→ TASK DETAILS
Pictures are to be left out. Return exactly the lines below from the one with "FIMAODZ диабетический медицинский" up to and including the one with "Rolex-DayDate 128238 36mm".

=== MATERIAL TO PROCESS ===

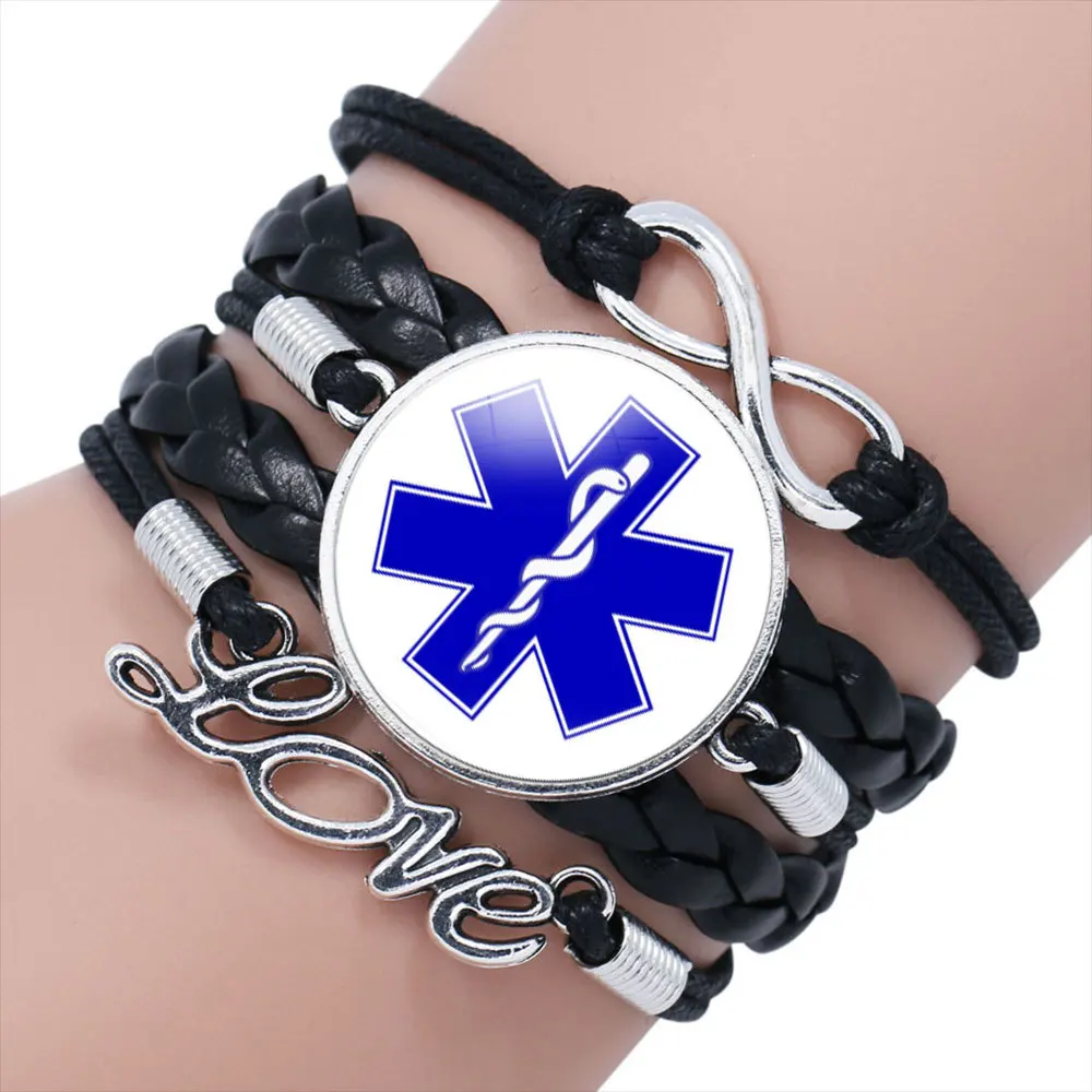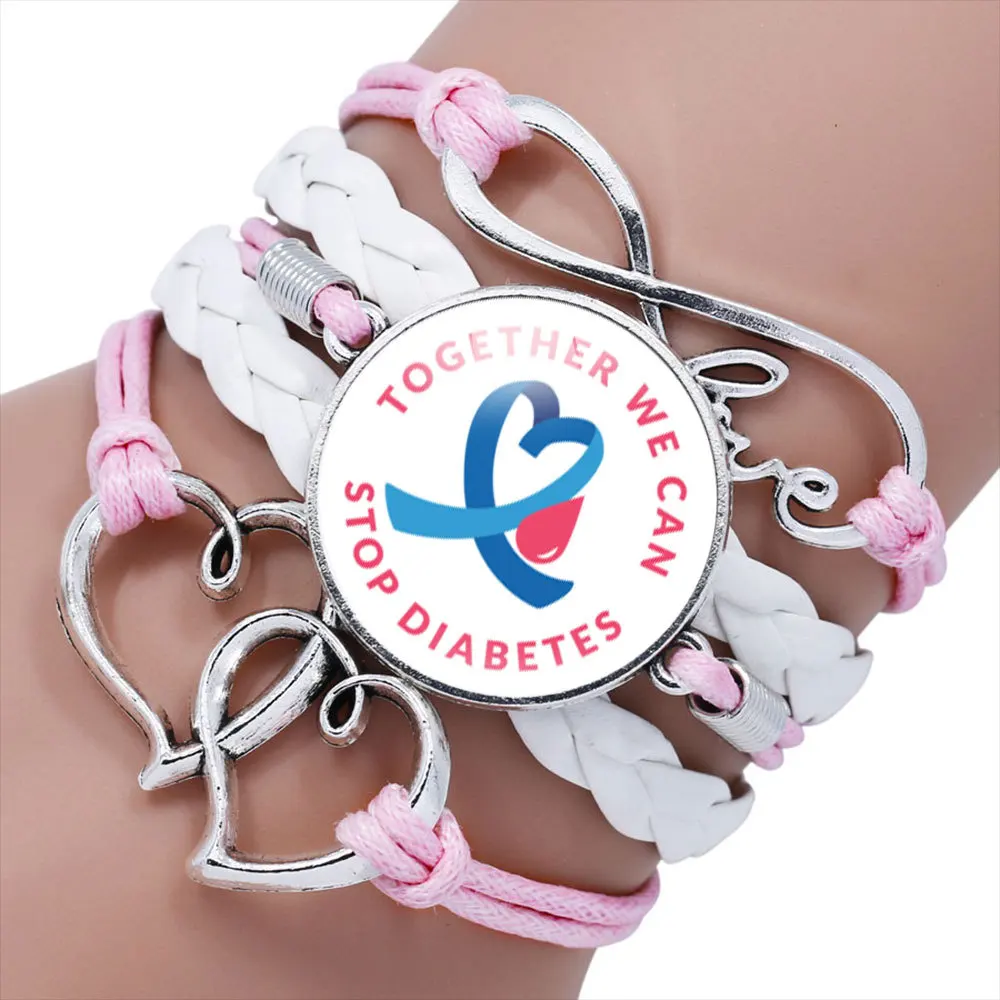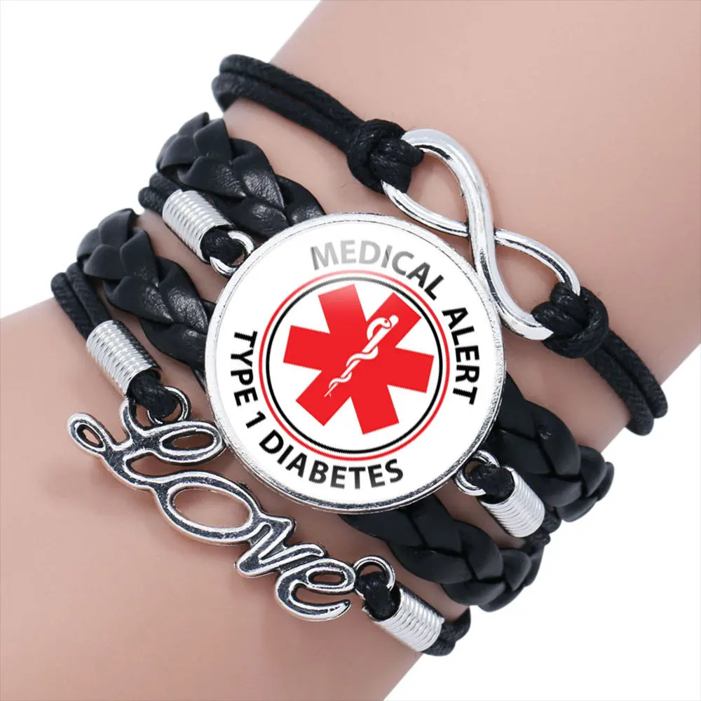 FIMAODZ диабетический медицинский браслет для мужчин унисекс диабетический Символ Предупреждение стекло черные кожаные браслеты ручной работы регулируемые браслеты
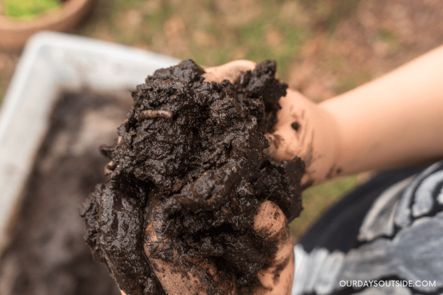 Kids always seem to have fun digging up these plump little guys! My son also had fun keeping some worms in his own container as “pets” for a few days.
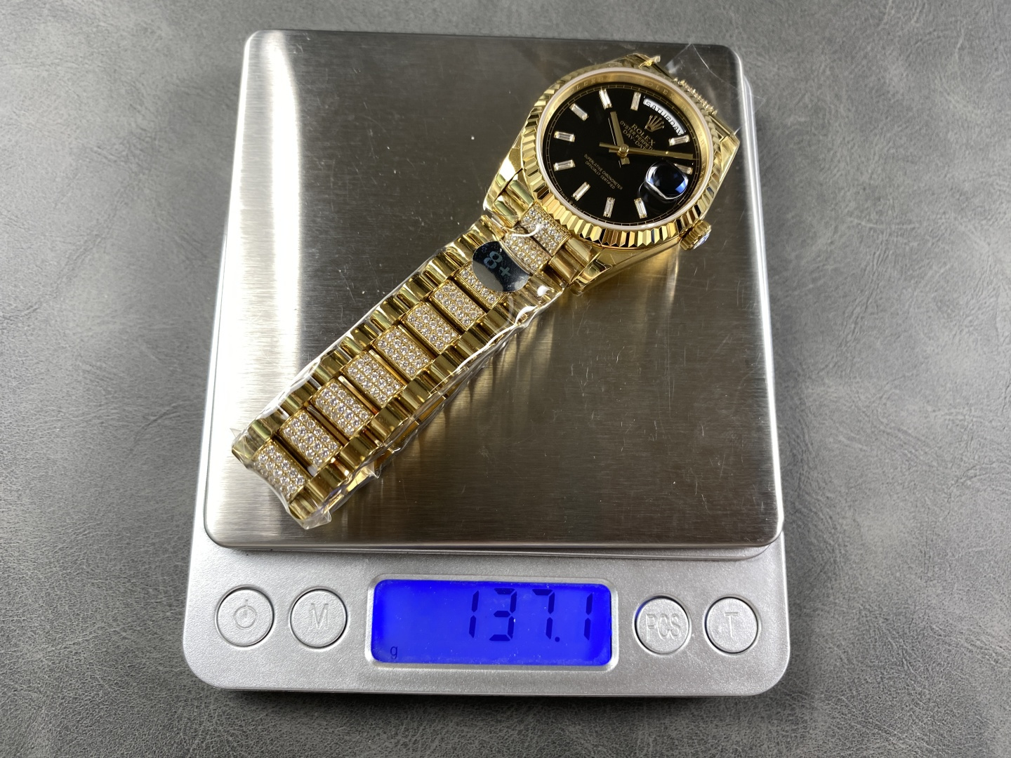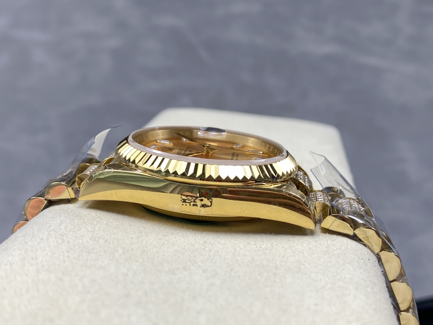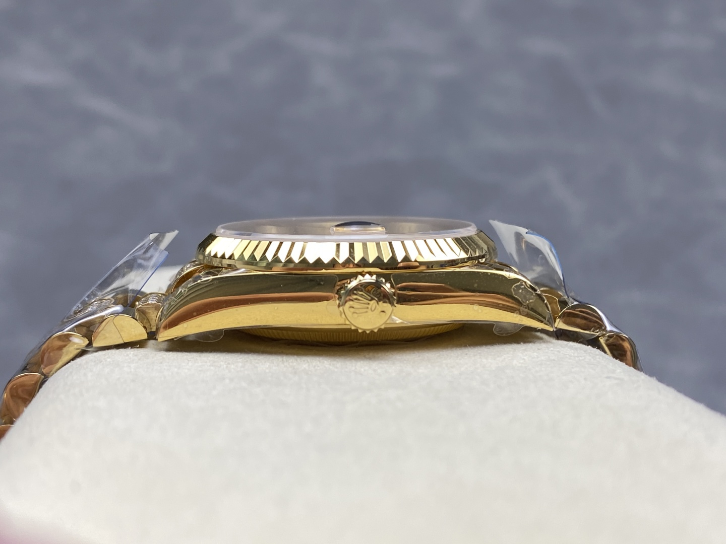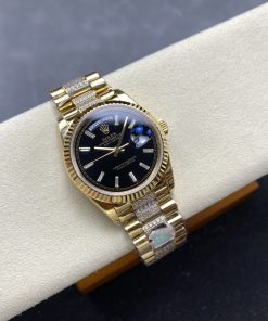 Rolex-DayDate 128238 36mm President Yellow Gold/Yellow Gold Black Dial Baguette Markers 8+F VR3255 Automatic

===
=== MATERIAL TO PROCESS ===

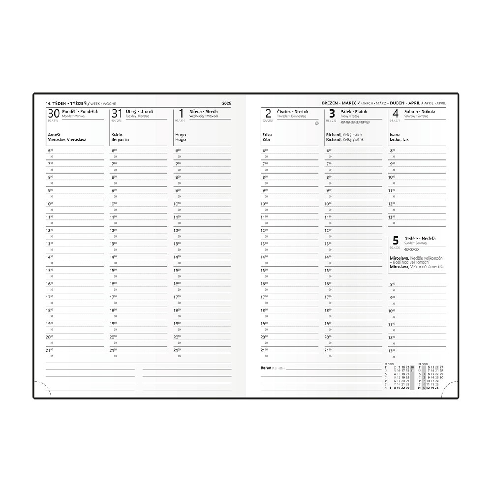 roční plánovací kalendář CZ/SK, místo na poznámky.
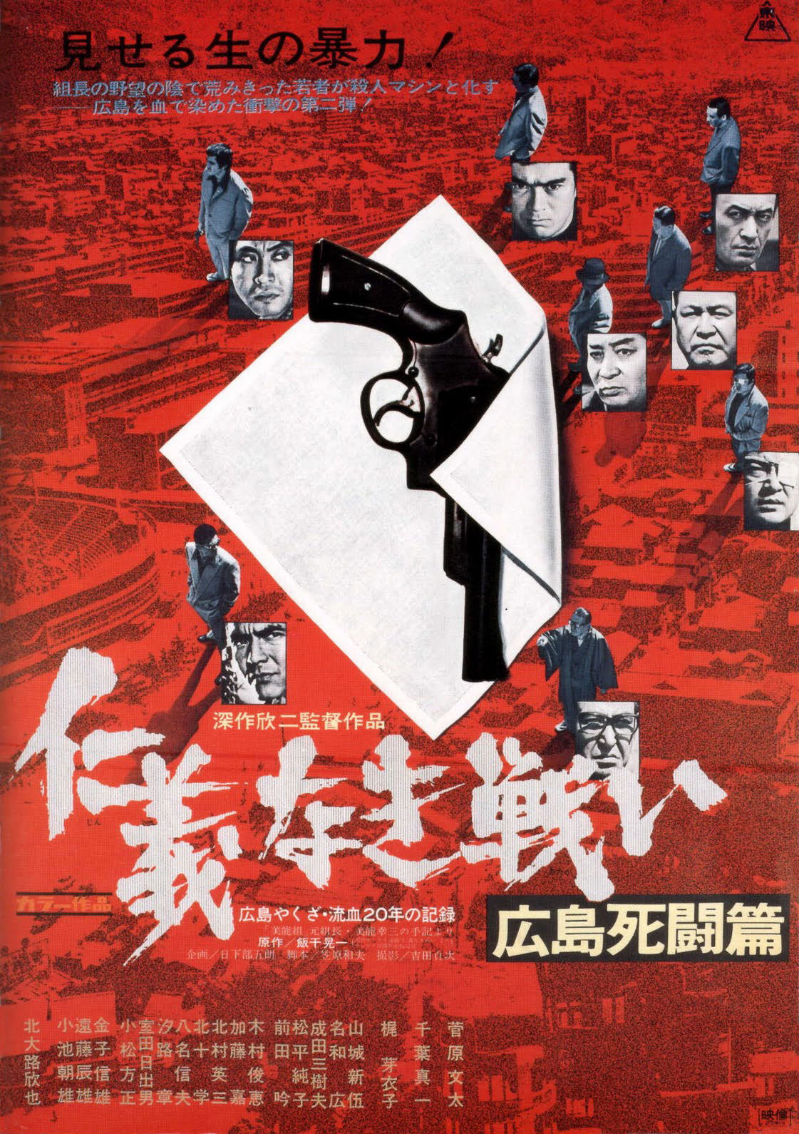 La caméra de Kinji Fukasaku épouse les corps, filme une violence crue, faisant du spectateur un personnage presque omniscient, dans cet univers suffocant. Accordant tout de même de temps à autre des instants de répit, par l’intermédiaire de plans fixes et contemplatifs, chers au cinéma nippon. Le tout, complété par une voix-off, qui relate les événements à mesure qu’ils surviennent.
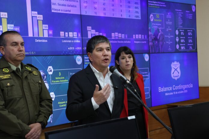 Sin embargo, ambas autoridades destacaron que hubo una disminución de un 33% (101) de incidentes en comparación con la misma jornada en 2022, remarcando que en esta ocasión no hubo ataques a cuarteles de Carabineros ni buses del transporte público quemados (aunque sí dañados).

===

→ RESPONSE FOR THIS EXERCISE
 FIMAODZ диабетический медицинский браслет для мужчин унисекс диабетический Символ Предупреждение стекло черные кожаные браслеты ручной работы регулируемые браслеты
 Kids always seem to have fun digging up these plump little guys! My son also had fun keeping some worms in his own container as “pets” for a few days.
 Rolex-DayDate 128238 36mm President Yellow Gold/Yellow Gold Black Dial Baguette Markers 8+F VR3255 Automatic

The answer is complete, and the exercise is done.